G.R. No. 184819, 29 November 2017
FACTS:
Veteran’s Federation of the Philippines (VFP) is a national federation of associations of Filipino war veterans created in 1960. In 1967, through the government’s Proclamation No. 192, VFP was able to obtain control and possession of a vast parcel of land located in Taguig. VFP eventually developed said land into an industrial complex, which is now known as the VFP Industrial Area (VFPIA). VFP Management and Development Corporation (VMDC), on the other hand, is a private management company.
VFP entered into a management agreement with VMDC. Under the said agreement, VMDC was to assume exclusive management and operation of the VFPIA in exchange for forty percent (40%) of the lease rentals generated from the area. In managing and operating the VFPIA, VMDC hired its own personnel and employees. Among those hired by VMDC were respondents.

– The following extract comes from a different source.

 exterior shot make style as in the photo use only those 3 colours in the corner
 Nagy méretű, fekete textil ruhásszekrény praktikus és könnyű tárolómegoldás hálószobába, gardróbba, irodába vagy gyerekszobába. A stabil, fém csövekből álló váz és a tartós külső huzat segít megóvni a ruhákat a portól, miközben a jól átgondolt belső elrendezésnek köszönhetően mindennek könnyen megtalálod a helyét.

The management agreement between VFP and VMDC had a term of five (5) years and is renewable for another five (5) years. Subsequently, both parties acceded to extend the agreement.The agreement was again extended by VFP and VMDC albeit only on a month-to-month basis.
Then, in November 1999, the VFP board passed a resolution terminating the management agreement effective December 31, 1999. VMDC conceded to the termination and eventually agreed to turn over to VFP the possession of all buildings, equipment and other properties necessary to the operation of the VFPIA.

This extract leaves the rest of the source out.